Problem.
Copy each entry below verbatim. Skip the pictures.

Top of Material shown

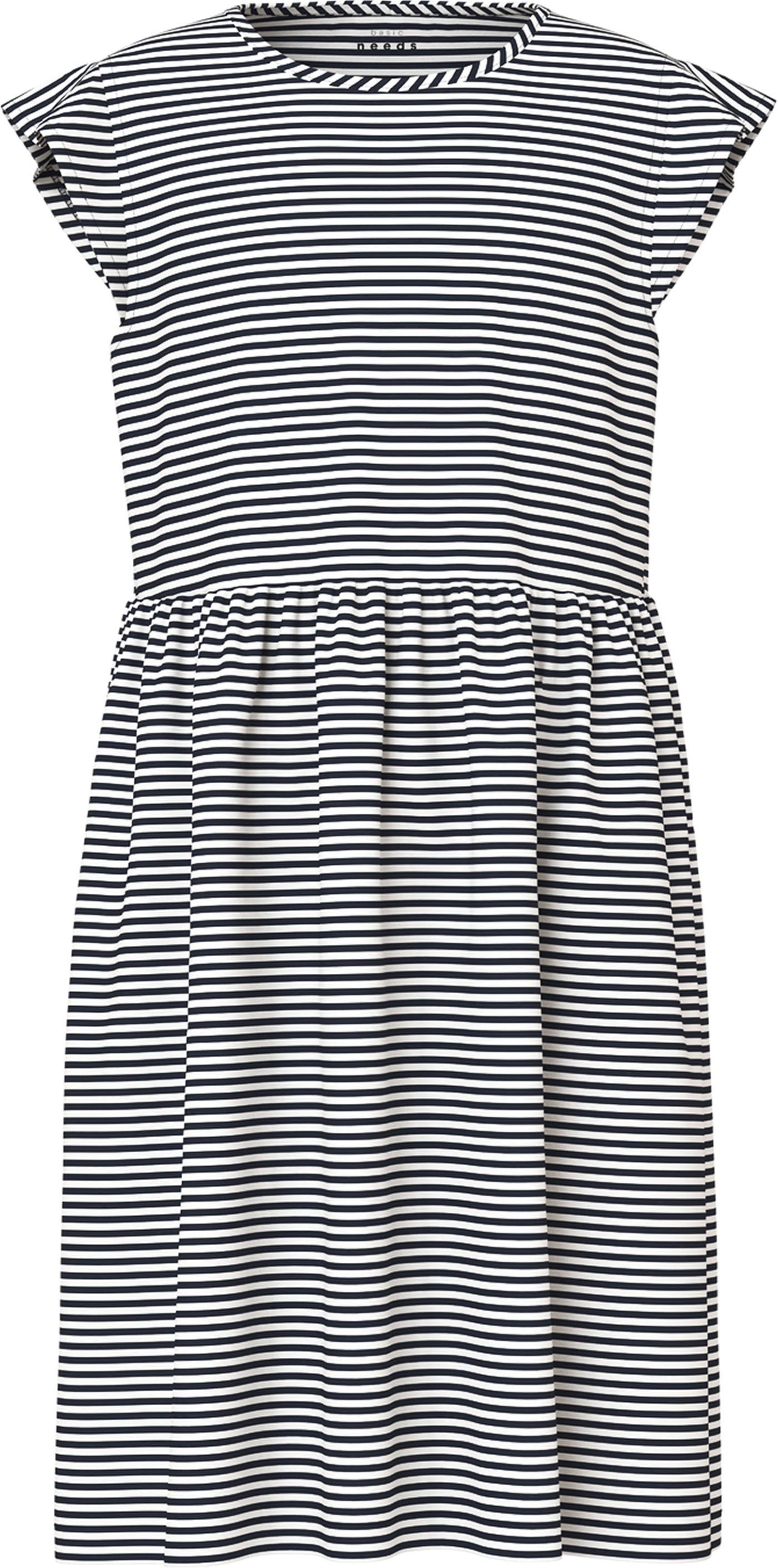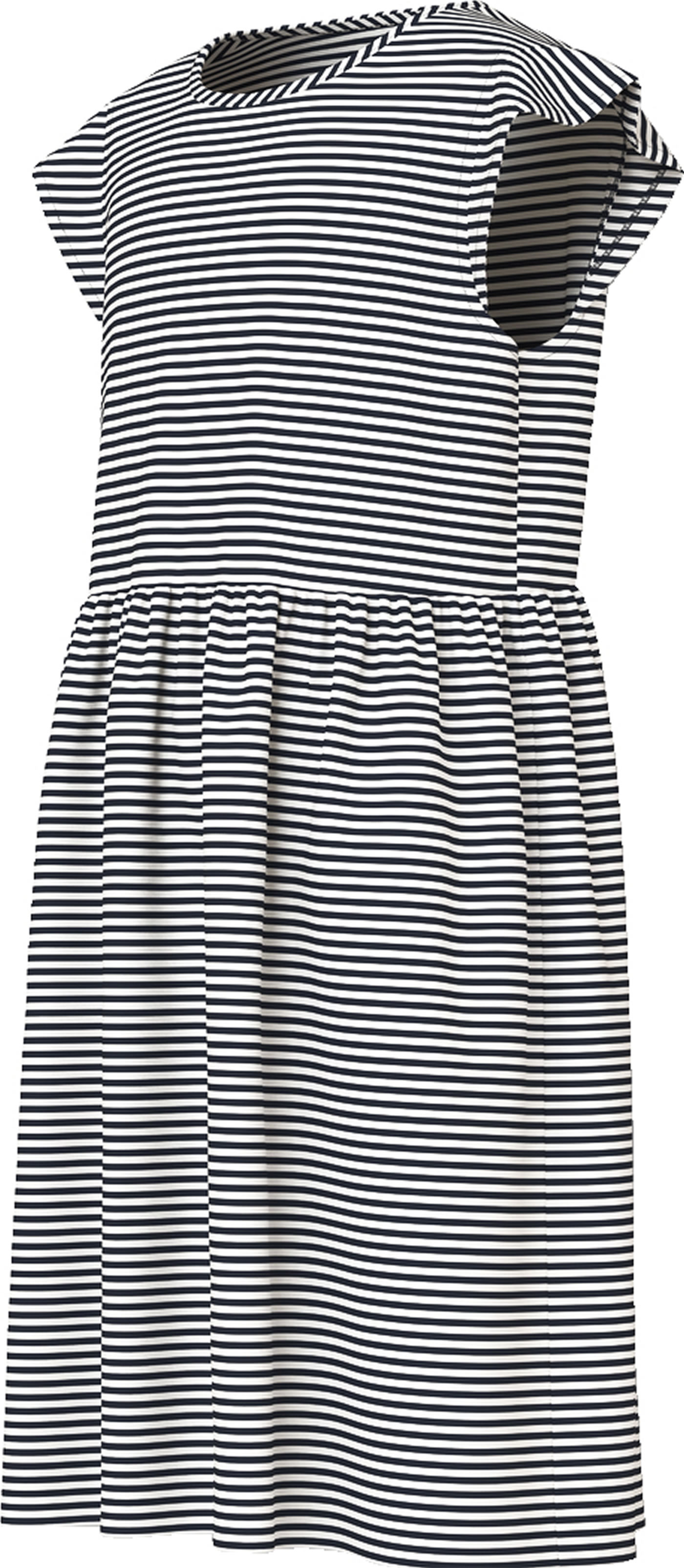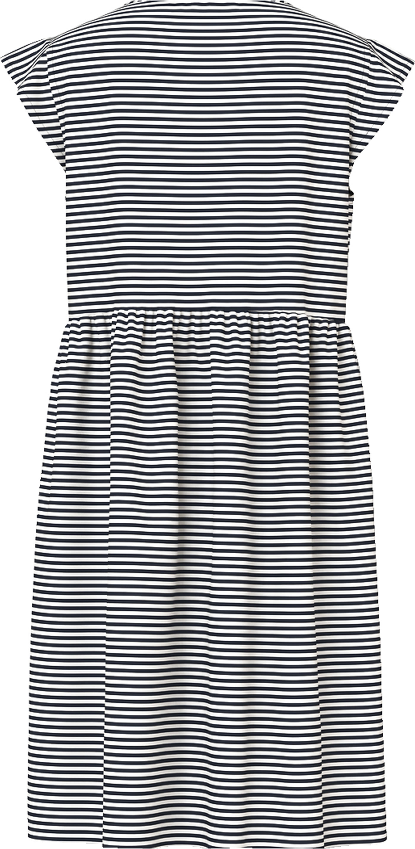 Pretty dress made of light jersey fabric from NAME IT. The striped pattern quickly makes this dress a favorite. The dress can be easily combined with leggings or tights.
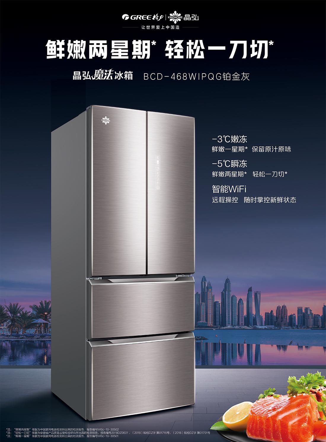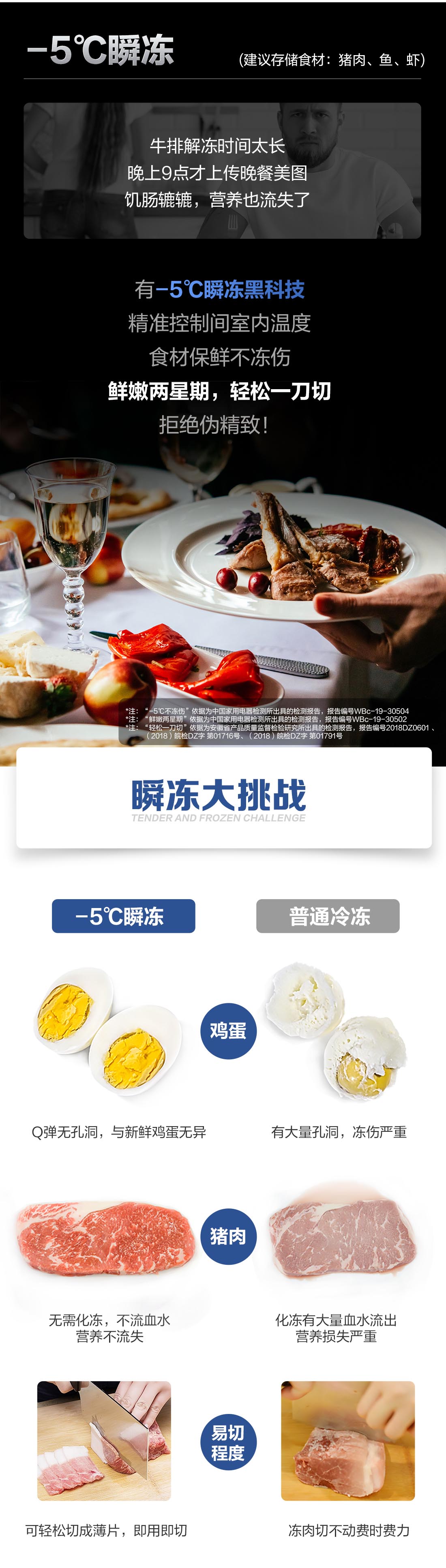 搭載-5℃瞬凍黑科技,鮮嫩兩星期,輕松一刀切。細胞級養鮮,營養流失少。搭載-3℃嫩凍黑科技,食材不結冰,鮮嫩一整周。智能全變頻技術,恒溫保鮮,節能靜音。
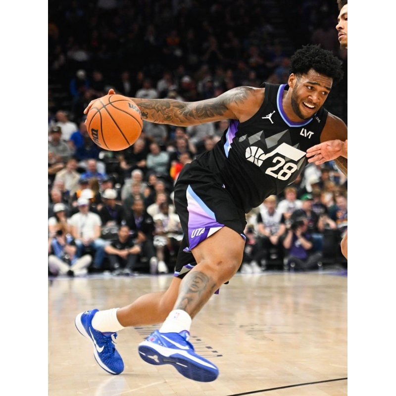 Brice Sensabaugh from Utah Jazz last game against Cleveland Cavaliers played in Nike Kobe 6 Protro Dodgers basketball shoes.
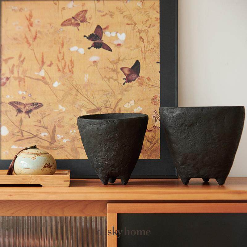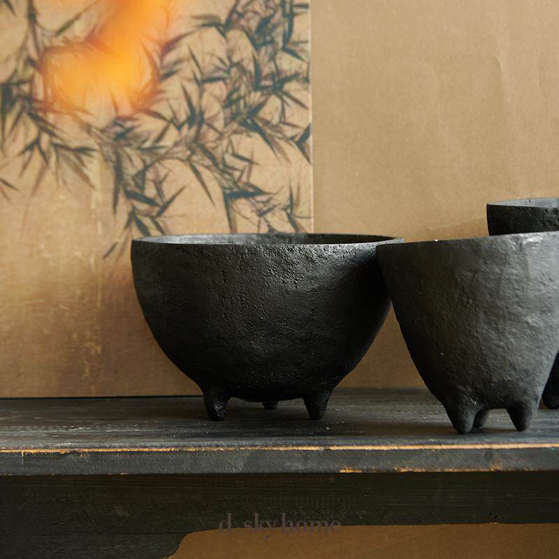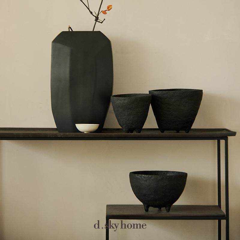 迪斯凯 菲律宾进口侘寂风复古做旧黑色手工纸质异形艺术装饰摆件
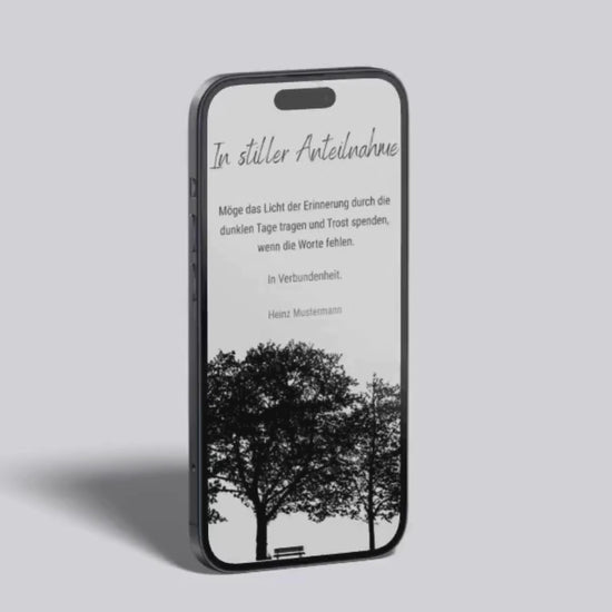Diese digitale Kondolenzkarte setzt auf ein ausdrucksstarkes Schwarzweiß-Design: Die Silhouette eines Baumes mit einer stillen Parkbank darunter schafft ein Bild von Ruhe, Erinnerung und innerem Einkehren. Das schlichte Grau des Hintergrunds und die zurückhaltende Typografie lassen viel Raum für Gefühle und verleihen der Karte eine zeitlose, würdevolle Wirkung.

Bottom of Material shown

Completed task.
 Pretty dress made of light jersey fabric from NAME IT. The striped pattern quickly makes this dress a favorite. The dress can be easily combined with leggings or tights.
 搭載-5℃瞬凍黑科技,鮮嫩兩星期,輕松一刀切。細胞級養鮮,營養流失少。搭載-3℃嫩凍黑科技,食材不結冰,鮮嫩一整周。智能全變頻技術,恒溫保鮮,節能靜音。
 Brice Sensabaugh from Utah Jazz last game against Cleveland Cavaliers played in Nike Kobe 6 Protro Dodgers basketball shoes.
 迪斯凯 菲律宾进口侘寂风复古做旧黑色手工纸质异形艺术装饰摆件
Diese digitale Kondolenzkarte setzt auf ein ausdrucksstarkes Schwarzweiß-Design: Die Silhouette eines Baumes mit einer stillen Parkbank darunter schafft ein Bild von Ruhe, Erinnerung und innerem Einkehren. Das schlichte Grau des Hintergrunds und die zurückhaltende Typografie lassen viel Raum für Gefühle und verleihen der Karte eine zeitlose, würdevolle Wirkung.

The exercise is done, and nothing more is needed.